Орька развернул второе письмо, на плотной блестящей бумаге. Он так торопился, что надорвал край листка. Перед нашими глазами зарябили ровные латинские буквы.
«Geehrter Herr Kirikoff», — прочитали мы и ничего не поняли, потому что в школе учили английский. На третьем листке оказался перевод.
«Уважаемый господин Кириков», — прочитал Орька и покраснел. — Ишь ты, — господин! — сказал он. — Здорово придумали, черти!
«Уважаемый господин Кириков! Экспертная комиссия Международного почтового союза в составе г.г. Зеефельда, Хартвица и Блюма 28 апреля с.г. подвергла экспертизе найденную Вами марку, о чем был составлен специальный акт».
— Ого! — сказал Орька. — Специальный! — и посмотрел на меня.
— Давай быстрей, не тяни, — сказал я.
«Как было установлено комиссией, это действительно «Розовая Гвиана», как ее называют коллекционеры, но не подлинная, а талантливо подделанная знаменитым реставратором-филателистом Фурнье. Такие марки в филателистической практике называются «новоделами».
Мы переглянулись. Орькина рука с письмом опустилась на стол. На его щеках медленно остывали красные пятна.
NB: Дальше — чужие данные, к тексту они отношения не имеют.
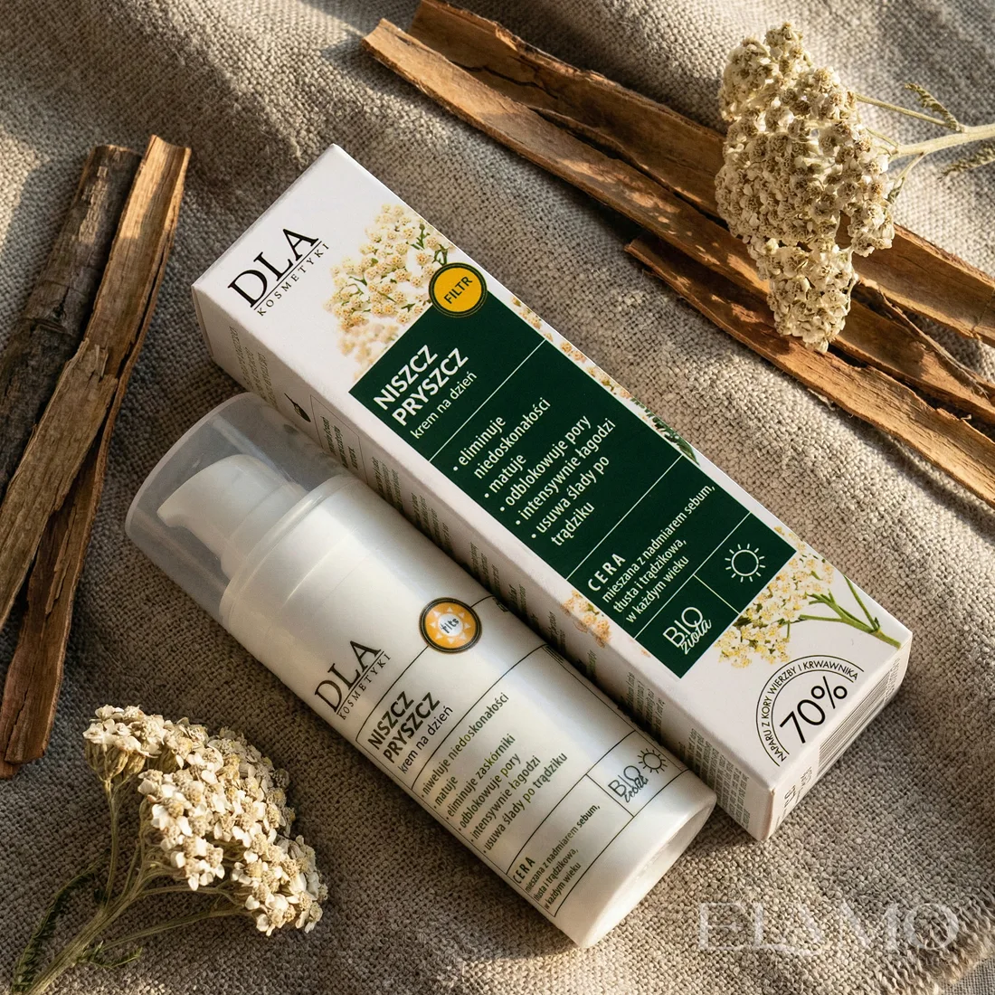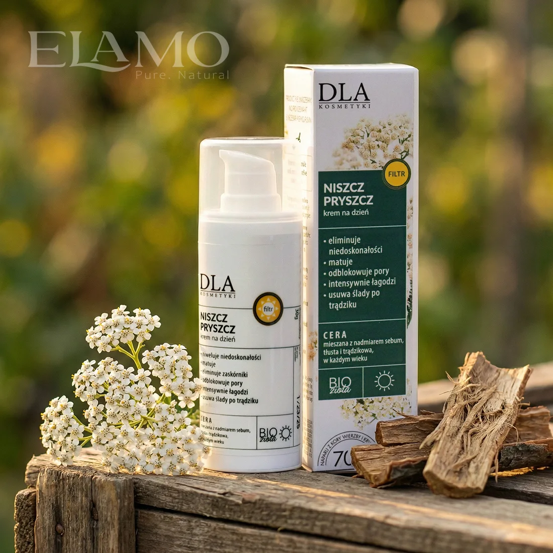 Niszcz Pryszcz krem na dzień to poranna tarcza dla cery tłustej, mieszanej i trądzikowej. Matuje na wiele godzin, a jednocześnie nawilża i łagodzi. Baza to 70% naparu z kory wierzby i krwawnika – idealny również pod makijaż.

— Орька, это все? — спросил я.
— Нет… — сказал он. — Там еще что-то написано.
— Дай посмотреть.
— Подожди, я сам.
«Присланный Вами «новодел» изготовлен, как было установлено, в двадцатые годы нашего столетия. Интересен тот факт, что коллекционерам мира не известно ни одной подделки «Розовой Гвианы». Таким образом, Вы являетесь первооткрывателем этого «новодела», который, хотя и не имеет исторической и коллекционной стоимости, указанной в каталогах, оценен Международной экспертной комиссией в 500 американских долларов».
Орька положил письмо на стол.
— Все? — спросил я.
— Все. Там дальше идут подписи, — сказал он.
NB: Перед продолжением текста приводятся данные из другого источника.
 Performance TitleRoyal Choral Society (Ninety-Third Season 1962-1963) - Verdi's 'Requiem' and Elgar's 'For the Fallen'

— Что будем делать? Все-таки пятьсот долларов.
— Очень-то нам нужны эти американские доллары, — сказал Орька.
— А фотоаппараты? — сказал я.
Орька посмотрел на меня так, что я сразу понял, какой я дурак.
— Идем к Алексею Николаевичу, — сказал он.
Наша республиканская газета напечатала заметку о «Розовой Гвиане». Заметка называлась «Необычайная находка». В ней в двадцати строчках рассказывалось обо всем, что я здесь написал, и еще о том, что ученик шестого класса второй средней школы Орион Кириков подарил марку городскому краеведческому музею.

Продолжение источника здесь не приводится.